As the EU body leading the Safe Harbor 2.0 negotiations with the U.S. government, the EU Commission plays a crucial role in the current debate about data transfers from the EU to the U.S. On 26 October, 2015, during her speech to the LIBE Committee of the EU Parliament, Vera Jourová (the EU Commissioner responsible for data protection) provided some important insights into the progress of, and requirements for, Safe Harbour 2.0.
Jourová also emphasised the need for clarity for businesses in respect of international data transfers and announced that the Commission will soon issue an explanatory Communication on the consequences of the Schrems ruling setting out guidance on international data transfers.
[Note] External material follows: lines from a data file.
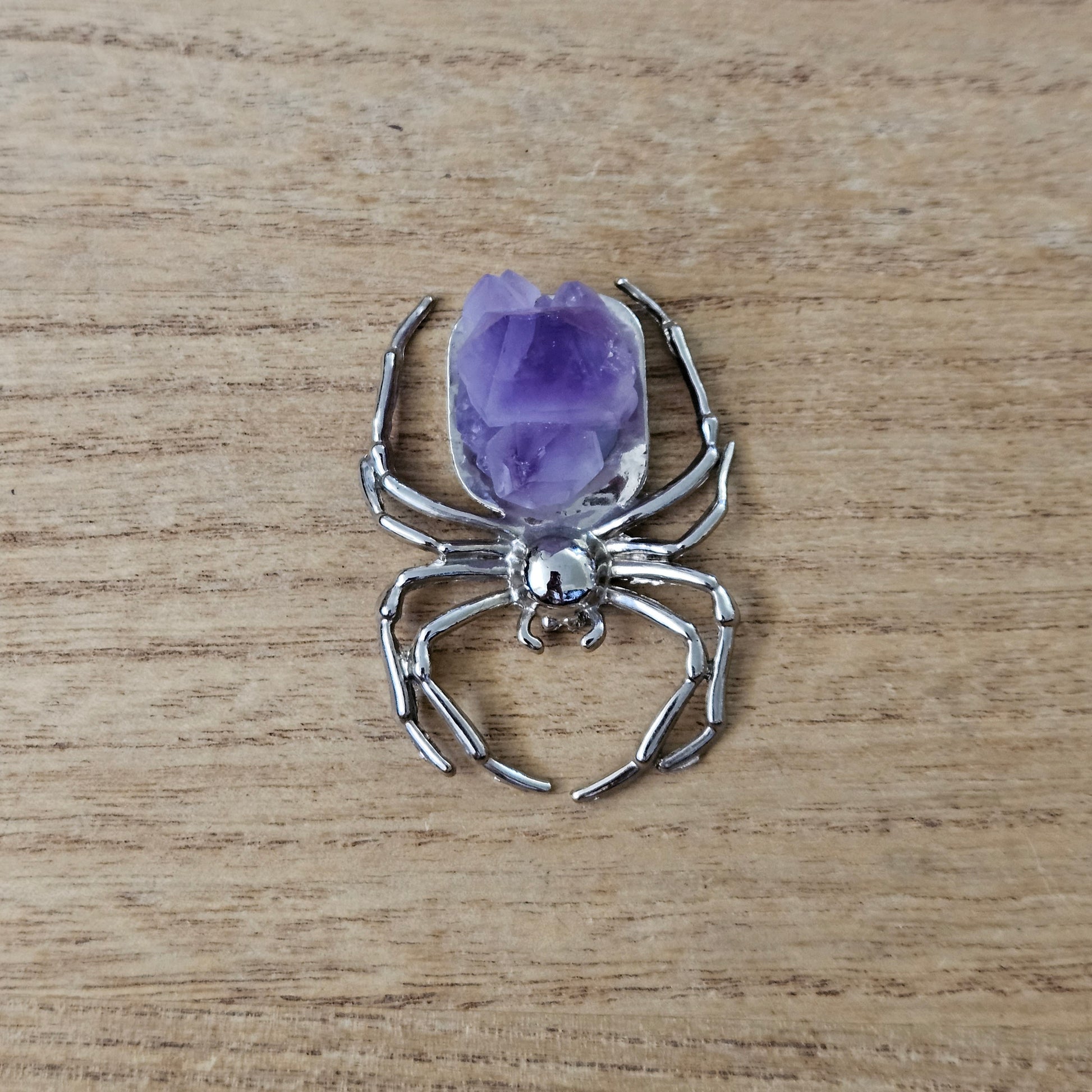Unleash your inner arachnophile with our Amethyst Raw Spider! This metal spider features a large Amethyst raw piece on its back for a spooky addition to your collection. Don't be scared they don't bite! Be captivated by its alluring beauty and unique charm.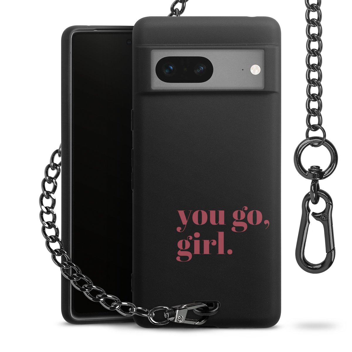 Die mattschwarze Silikon-Handyhülle besteht aus robustem TPU (thermoplastisches Polyurethan). Sie ist flexibel und schützt Dein Smartphone vor Stößen und Kratzern. Die Kette sowie der Karabinerhaken sind aus Metall in Gunmetal-Optik gefertigt. Für dieses Produkt kommen ausschließlich TÜV-geprüfte Materialien zum Einsatz.
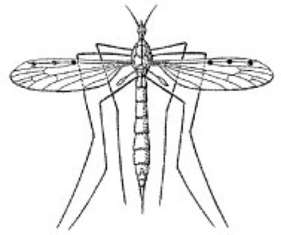 Stelzmücken, Sumpfmücken, Limnobiidae, Limoniidae, eine der artenreichsten (ca. 5000) Familien der Mücken; in Mitteleuropa etwa 200 Arten. Die mit den Tipulidae eng verwandten und in der Gestalt ähnlichen Stelzmücken ( ü vgl. Abb. ) sind 10–30 mm groß, es fehlen ihnen jedoch die peitschenförmigen verlängerten Kieferntaster. Auffallend sind die oft stark verlängerten Beine; die beiden Flügel werden in der Ruhe scherenartig über dem Hinterleib übereinandergelegt. – Die Stelzmücken-Larven unterscheiden sich in Gestalt und Lebensweise stark voneinander: neben rein wasserlebenden Arten gibt es Larven, die sich von zersetzenden Pflanzenstoffen in der Laubstreu oder von Wurzeln ernähren. Ein Beispiel für Kryobionten (Schneeinsekten) ist die Schneefliege (Schneemücke, Chionea spec.): die ca. 4 mm großen, stets ungeflügelten Imagines laufen mit langen, kräftigen Beinen im Winter auf der Erdoberfläche und auch auf Schnee. Ihr Temperaturoptimum liegt nahe beim Gefrierpunkt, sie sind aber auch noch unter –5 °C aktiv. Mit ca. 30 mm größte Art ist die Bachstelzschnake (Pedicia rivosa).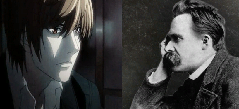 «Кто сражается с чудовищами, тот пусть остерегается чтобы самому при этом не стать чудовищем» Фридрих Ницше «Тварь дрожащая или право имею», — откуда же взялась эта фраза о человеке вершителе судеб, которая приходит в голову после прочтения манги? Фридрих Ницше. Философ, который изменил историю западной философии навсегда. Так где же его следы в японской манге? Мы утверждаем, что Ягами Лайт отражает философские воззрения Ницше, но и как люди они имеют много схожего. Как и Ницше, Ягами Лайт был первенцем в относительно зажиточной семье. Позже у него появилась сестра, с которой он был в хороших отношениях. Ницше получил профессорскую степень в 24 года, что было немыслимо по тем временам, все его современники отмечали острый ум и таланты (Ницше знал минимум 10 языков). Главный герой «Тетради смерти» также умён не по годам, превосходя всех своих сверстников в умственных способностях. Они оба бросают вызов обществу, в конечном счете, заканчивая свою жизнь печально — сходя с ума. После смер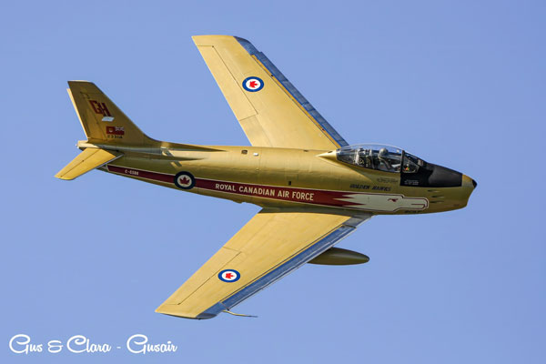 Retired Colonel George Miller, a well-known former manager of the airport, spoke at noon and described his 35-year career in the RCAF. This included flying such classics as the T-33 T-Bird as well as two tours on the F-86. In 1962, he flew one season as the solo in the F-86 as a Golden Hawk.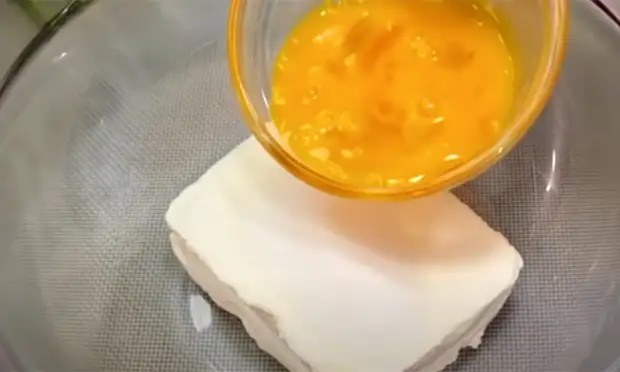 1. Творог размять, смешать с сыром, желтком. Добавить соль и специи. Перемешать и всыпать манку. Перемешать до объединения. Накрыть плёнкой и убрать в холодильник на час

Requirements Of Safe Harbor 2.0
In line with a press release made on 6 October, Jourová calls for a Safe Harbor 2.0 that lives up to the standard of the Schrems ruling as the central future framework for enabling transatlantic data flows. According to Jourová, Safe Harbor 2.0. would need to meet the following requirements in order to live up to the standard of the Schrems ruling.
- For data transferred from the EU to the U.S, Safe Harbor 2.0 needs to ensure that data protection safeguards are “globally equivalent” (but “not necessarily identical”) to the European standards.
- While a system based on self-certification is acceptable, Safe Harbor 2.0 needs to provide “effective detection and supervision mechanisms”. According to Jourová, the U.S. has delivered on this requirement by committing to a stronger oversight of the system by the Department of Commerce, a stronger cooperation with EU DPAs and a priority treatment of complaints by the FTC. She also states that European DPAs will need to play a more active and visible role in the process of reviewing the framework. The parties are said to have reached an agreement in principle on these points, but are still discussing how to ensure that commitments made are sufficiently binding.
- Safe Harbor 2.0 must be periodically reviewed in light of developments in the U.S. According to Jourová, the Commission and the U.S. are working on an annual joint review mechanism which would cover all aspects of the framework, including the use of exemptions for law enforcement and national security grounds.
- Safe Harbor 2.0 would need to provide sufficient limitations and safeguards to prevent access or use of personal data by public authorities on a “generalised basis”. It would also need to ensure sufficient judicial control over national intelligence activities. Jourová describes this as “the biggest challenge in the CJEU judgement” but welcomes a number of U.S. initiatives developed since the Snowden revelations which address this very requirement. These include the adoption of the USA Freedom Act, the Presidential Policy Directive 28, a more targeted and tailored approach to surveillance and the approval of the U.S. Judicial Redress Act by the House of Representatives.
Progress Of The Safe Harbor 2.0 Negotiations
Jourová confirms that several meetings have taken place and intensive technical discussions will continue until her mid-November meeting in Washington where she will further discuss the Safe Harbor 2.0 framework with U.S. officials. We will report on the progress of those discussions as details emerge.
The EU Commission is pushing for a quick progression of the Safe Harbor 2.0 negotiations and is aiming for a framework which eliminates the CJEU concerns about the first Safe Harbour Framework. While a lot of work still lies ahead, businesses should factor in Safe Harbor 2.0 as a future mechanism for legitimising EU/U.S. data transfers and closely follow the progress of the negotiations.